Comparative analysis and divergence
Comparison of complete plastomes of T. hamiensis var. qatarensis, T. simplex and 11 other closely related species were performed. The 13 complete plastomes and 58 shared protein coding genes were aligned and compared to determine the average pairwise distance among these species using T. hamiensis var. qatarensis as a reference (Table S3). Larrea tridentata (0.177384) showed the highest average pairwise distance, followed by Tribulus terrestris (0.163060). The minimum average pairwise distance was exhibited by T. mongolica1 (0.023) and T. simplex (0.027). Among the 58 shared protein coding genes, the atpF, clpP psbH, rpl20, rpl22, and rps2 were most divergent (Table S4). The highest average pairwise sequence divergence was determined for clpP gene across all compared species. Still, the highest divergence was recorded in Tribulus terrestris (0.642) and (0.505) followed by Z. fabago3 (0.177) and Z. xanthoxylon2 (0.172) (Table S4).
Furthermore, the values of nucleotide diversity (Pi) were determined in plastomes T. hamiensis var. qatarensis, T. simplex and other related species (Figs. 1, S3).

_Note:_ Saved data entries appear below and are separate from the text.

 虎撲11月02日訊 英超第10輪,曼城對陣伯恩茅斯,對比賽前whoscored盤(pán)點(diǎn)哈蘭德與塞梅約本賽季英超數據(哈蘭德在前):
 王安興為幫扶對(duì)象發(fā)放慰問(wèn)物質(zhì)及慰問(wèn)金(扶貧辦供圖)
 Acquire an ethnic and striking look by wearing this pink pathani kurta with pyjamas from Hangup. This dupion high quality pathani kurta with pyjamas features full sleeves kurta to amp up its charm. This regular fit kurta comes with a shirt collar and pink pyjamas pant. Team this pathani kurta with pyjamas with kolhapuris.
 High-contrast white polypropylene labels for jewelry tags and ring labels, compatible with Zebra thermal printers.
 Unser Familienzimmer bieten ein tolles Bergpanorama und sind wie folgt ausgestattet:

The genomes were aligned in three different groups: (i) Two currently sequenced and three Tetraena plastomes, (ii) Two sequenced and five Zygophyllum plastomes, (iii) all plastomes included in the study to better evaluate and understand the nucleotide diversity (Pi). The nucleotide diversity (Pi) values within 200 bp window size and 100 bp step size across these plastomes vary from 0 to 0.2 (Fig. S3A), 0 to 0.3 (Fig. S3B) and 0 to 0.4 (Fig. S3C). Only 2 variable loci (psbE-PetL, clpP) were found with Pi > 0.1 in Tetraena plastomes while in Tetraena-Zygophyllum 4 variable loci (atpF, clpP, rps15-trnL, ycf2) were found with Pi > 0.2. In overall comparison of all 13 plastomes, several variable loci were identified having Pi value > 0.2, in which the highest Pi value of 0.323 was noted for (rps12) followed by (rpoC1) having Pi 0.285 (Fig. S3C).

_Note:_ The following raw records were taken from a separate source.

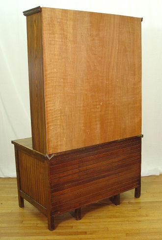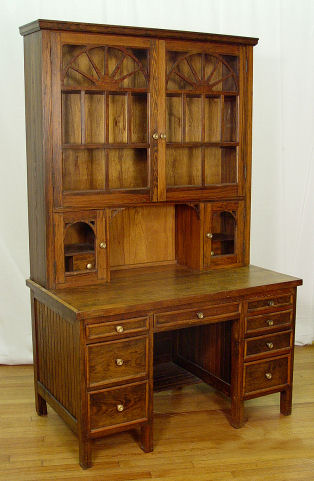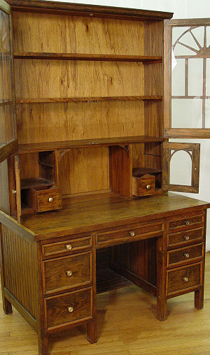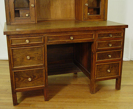19th C AMERICAN COUNTRY PINE SECRETARY BOOKCASE DESK: Said to have been a doctors desk. Upper section bookcase, lower section is a kneehole desk. Primary wood is pine. 75''h x 46'' x 26 3/4''. Old termite damage found to lower back.
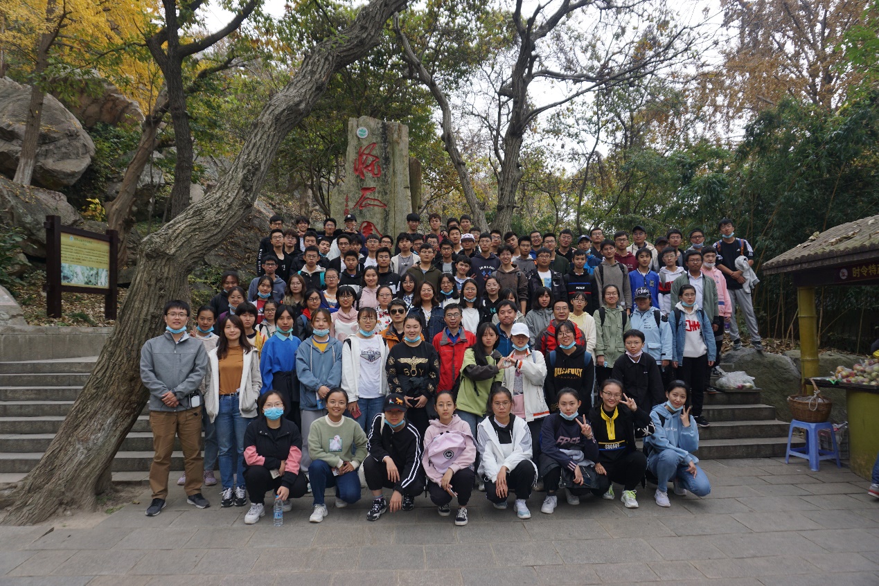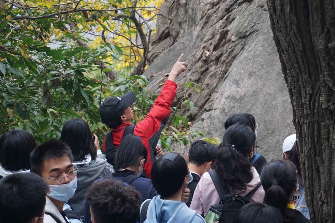 有了前一天的铺垫,第二天的花果山之行,同学们在“认石”过程中,显得更加得心应手。11月1日,老师和同学们来到花果山,花果山是国家重点风景名胜区,是国家地质公园。在老师们的带领下,同学们看到了因为多次地震形成的罕见的崩塌堆积奇石景观,观察了花果山上典型的混合岩和变质岩地质特征以及其他众多的地质遗迹,让同学们叹为观止。最后的实习阶段,大家都在为攀登花果山之巅---玉女峰(江苏最高峰)而战斗,在正常的实习任务之余,这不仅是对体力的考验,更培养了同学们的恒心和毅力。
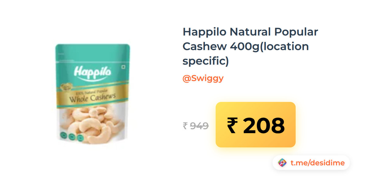 78% off on - Happilo Natural Popular Cashew 400g(location specific) - Rs. 208
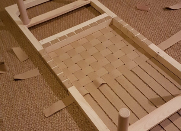 Vient ensuite l’étape du sanglage. Nous travaillons avec un petit fournisseur français pour les sangles en jute. Chaque banquette est sanglée à la main, par nos soins.

Similarly, the codon usage frequency T. hamiensis var. qatarensis and T. simplex protein-coding genes were determined. The protein-coding genes in T. hamiensis var. qatarensis, and T. simplex were composed of 20,122 and 27,231 codons respectively (Table S5). The highest codon used in T. hamiensis var. qatarensis plastome was ATT (884) which codes for isoleucine. In T. simplex plastome, the maximum used codons were AAA (1142) which codes for lysine and AAG (1142) which codes for isoleucine (Table S5). Furthermore, Relative Synonymous Codon Usage (RSCU) was also analyzed for all 13 plastomes (Fig. 4). Surprisingly, almost all of these codons had half-synonymous codons that ended in A or T and had high RSCU values. The other half had low RSCU ended with C and G. The third codon position showed biased codon usage toward A and U, which is consistent with the pattern seen in the majority of angiosperm plastomes55.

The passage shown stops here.